October 2020 \ News \ REVIEW OF DIPLOMAT’S BOOK
PASCAL NAZARETH’S DIPLOMATIC JOURNEY

Winston Churchill once defined diplomacy ...

By Vishnu Makhijani

“Challenging, exciting and educative,” is how Nazareth summed up his career in an interview to IANS as his autobiography, “A Ringside Seat To History” (Konark) hit the stands to carry forward the insights he gained while in service and in the 25 years since his retirement in promoting Gandhian ideals, promoting peace with Pakistan and lecturing on board cruise liners. “I would sum up my IFS career in just three words: challenging, exciting and educative. I use the last word because I learnt many vital maxims during my 35 years in it,” Nazareth said.

For instance:

“Never hitch your wagon to a political star and always be an upright, intrepid and thoroughly professional IFS officer” - High Commissioner to Britain B.K. Nehru.

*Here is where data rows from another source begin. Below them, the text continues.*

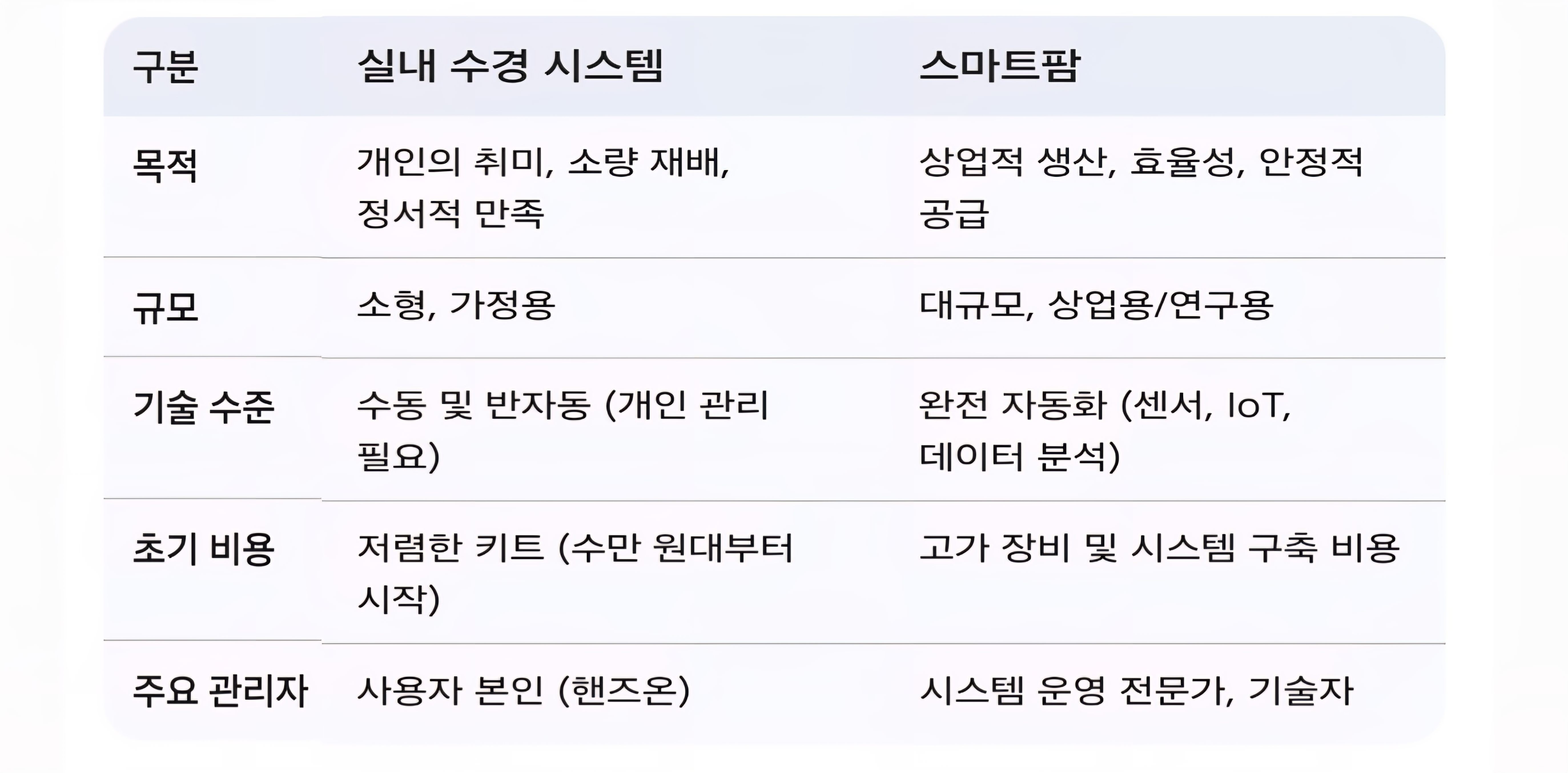 ---3. ⚖️핵심 비교 분석: 실내 수경 시스템 vs. 스마트팜, 당신의 선택은?
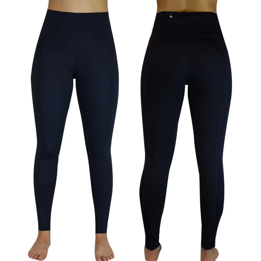 Eileen Douglas Amazon riding tights are soft, lightweight and practical. They are high waisted tights with a phone pocket in the back of the waistband. The hexagonal full silicon seat offers full grip and security. Finished off with stylish lazer cut slits on the side of each thigh with a red material underneath for extra effect.
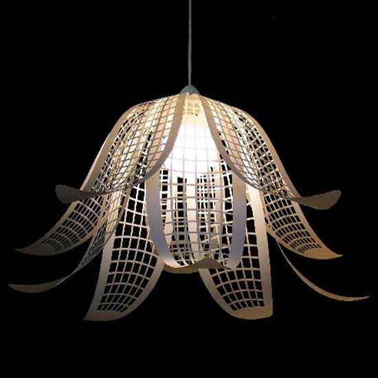This pendant lamp is formed by 12 perforated leaves in white transparent material. It will add an artistic and unique touch to your home décor. The ball-shaped lamp bulb completes this design for a perfect finish.
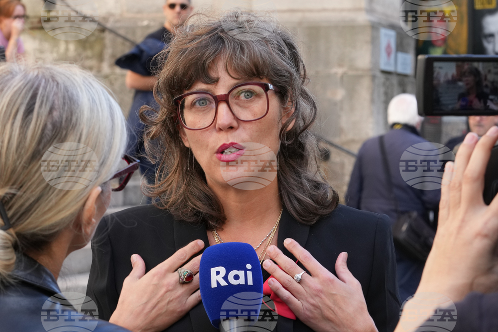Claudia Cardinale's daughter Claudia Squitieri answers reporters before the funeral ceremony for her mother, Tuesday, Sept. 30, 2025 in Paris. (AP Photo/Michel Euler)
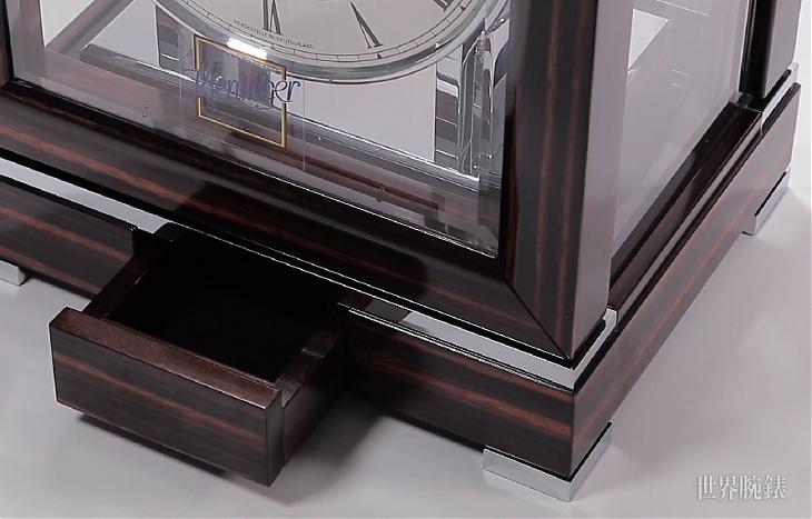 ▲鐘箱做工精緻,底部小抽屜可存放發條鑰匙

“In a crisis, what is most needed are cool heads and not cold feet”—Foreign Secretary T.N. Kaul.

“Diplomats are essentially peace makers for It is when they fail that the Generals are called in”—P.K. Banerjee, Charge d’Affaires in Peking during the 1962 Sino-Indian conflict and later India’s Permanent Representative in Geneva.

“Culture is a potent arm of diplomacy... In the sphere of culture India is the super power,” Foreign Secretary M.K. Rasgotra.